Opinion
9791 9792 Ind. 1276/04 4295/04
07-02-2019
Edelstein & Grossman, New York (Jonathan I. Edelstein of counsel), for appellant. Cyrus R. Vance, Jr., District Attorney, New York (Sabrina Margret Bierer of counsel), for respondent.
Edelstein & Grossman, New York (Jonathan I. Edelstein of counsel), for appellant.
Cyrus R. Vance, Jr., District Attorney, New York (Sabrina Margret Bierer of counsel), for respondent.
Richter, J.P., Tom, Gesmer, Kern, Moulton, JJ.
Order, Supreme Court, New York County (Ruth Pickholz, J.), entered on or about December 6, 2017, which denied in part defendant's CPL 440.20 motion to set aside his sentence; and judgment of resentence, same court and Justice, rendered January 11, 2018, resentencing defendant, as a second violent felony offender, upon his convictions of robbery in the first degree (two counts), robbery in the second degree (five counts) and grand larceny in the second degree, to an aggregate term of 35 years, unanimously affirmed. The court properly resentenced defendant by ordering that the 25–year sentence on count one (first-degree robbery based on the taking of a security guard's pistol) would run consecutively to a 10–year sentence on count four (second-degree robbery based on the taking of jewelry in the same incident), and ordering that the 25–year sentence on count two (first-degree robbery based on the taking of the jewelry) would run consecutively to a 10–year sentence on count three (second-degree robbery based on the taking of the pistol). As both parties agree, the resentencing court had properly vacated the sentencing court's directive that the sentence on count three run consecutively to that on count one, and the sentence on count four consecutively to that on count two. Counts one and three were both based on the same act of taking the pistol and thus, the sentences must run concurrently; similarly, counts two and four were based on the same act of taking the jewelry and thus, those sentences must run concurrently ( Penal Law §§ 70.25[2] ). The resentencing court also had properly left untouched the lawful imposition of concurrent sentences on counts one and two, and lesser concurrent sentences on all of the remaining counts (while also making a correction, which is not at issue, in an unlawful sentence on the grand larceny count), for an aggregate sentence of 35 years (see Penal Law § 70.25[1] ; People v. Yannicelli, 40 N.Y.2d 598, 601–02, 389 N.Y.S.2d 290, 357 N.E.2d 947 [1976] ; People v. Carpenter, 19 A.D.3d 730, 731, 796 N.Y.S.2d 730 [3d Dept. 2005], lv denied 5 N.Y.3d 804, 803 N.Y.S.2d 33, 836 N.E.2d 1156 [2005] ).
Defendant's challenges to the legality of his sentence are unavailing (see People v.
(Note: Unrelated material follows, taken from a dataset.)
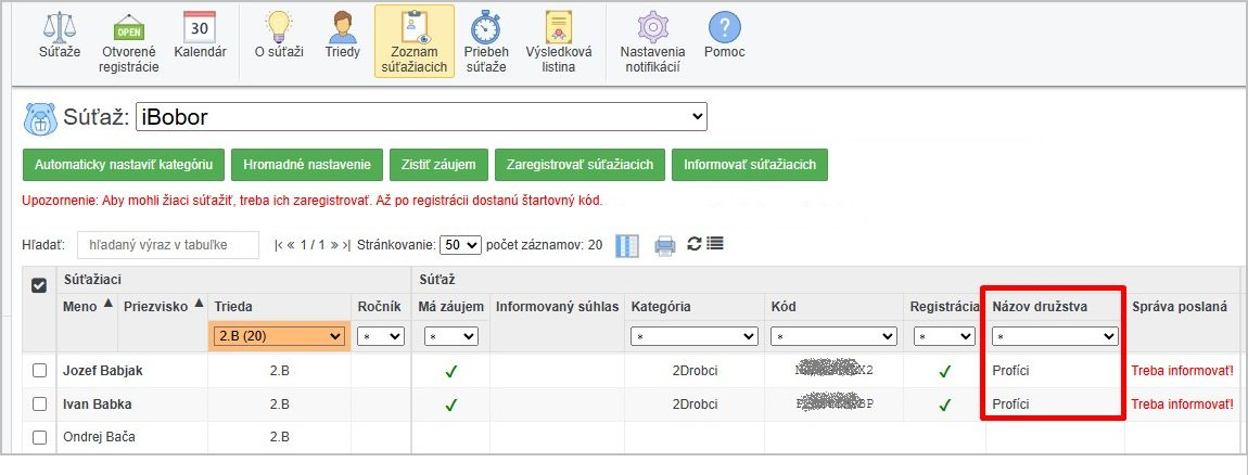 Pri registrácii má každý súťažiaci z dvojice vygenerovaný súťažný kód. Každý člen teamu má svoj vlastný / iný kód.
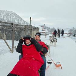 Kurze Fahrt mit dem Bus und dort wird uns viel über die Rentiere erzählt. Wir dürfen sie auch füttern.

Jeanty, 268 A.D.2d 675, 680, 702 N.Y.S.2d 194 [3d Dept. 2000], lv denied 94 N.Y.2d 949, 710 N.Y.S.2d 5, 731 N.E.2d 622 [2000] ). When, as noted, the court made the sentences in each group, relating to a particular act of either taking a pistol or jewelry, run concurrently within the group, but left intact the consecutive sentences for the two groups, this was neither illogical nor inconsistent with the court's own order on the CPL 440.20 motion. As in Jeanty, "at least one sentence in each group was properly made consecutive to at least one sentence in the following group and, thus, the aggregate sentence is unaffected" ( 268 A.D.2d at 680, 702 N.Y.S.2d 194 ). We have considered and rejected defendant's remaining arguments on this issue.
Defendant's resentencing was solely for the purpose of correcting the illegal aspect of the structure of his sentence, and was not a plenary resentencing requiring the exercise of sentencing discretion. Therefore, we may not reduce it in the interest of justice (see People v. Lingle, 16 N.Y.3d 621, 635, 926 N.Y.S.2d 4, 949 N.E.2d 952 [2011] ). In any event, as we held on defendant's direct appeal ( 49 A.D.3d 444, 446, 853 N.Y.S.2d 546 [1st Dept. 2008], lv denied 10 N.Y.3d 937, 862 N.Y.S.2d 344, 892 N.E.2d 410 [2008] ), we perceive no basis for reducing the sentence.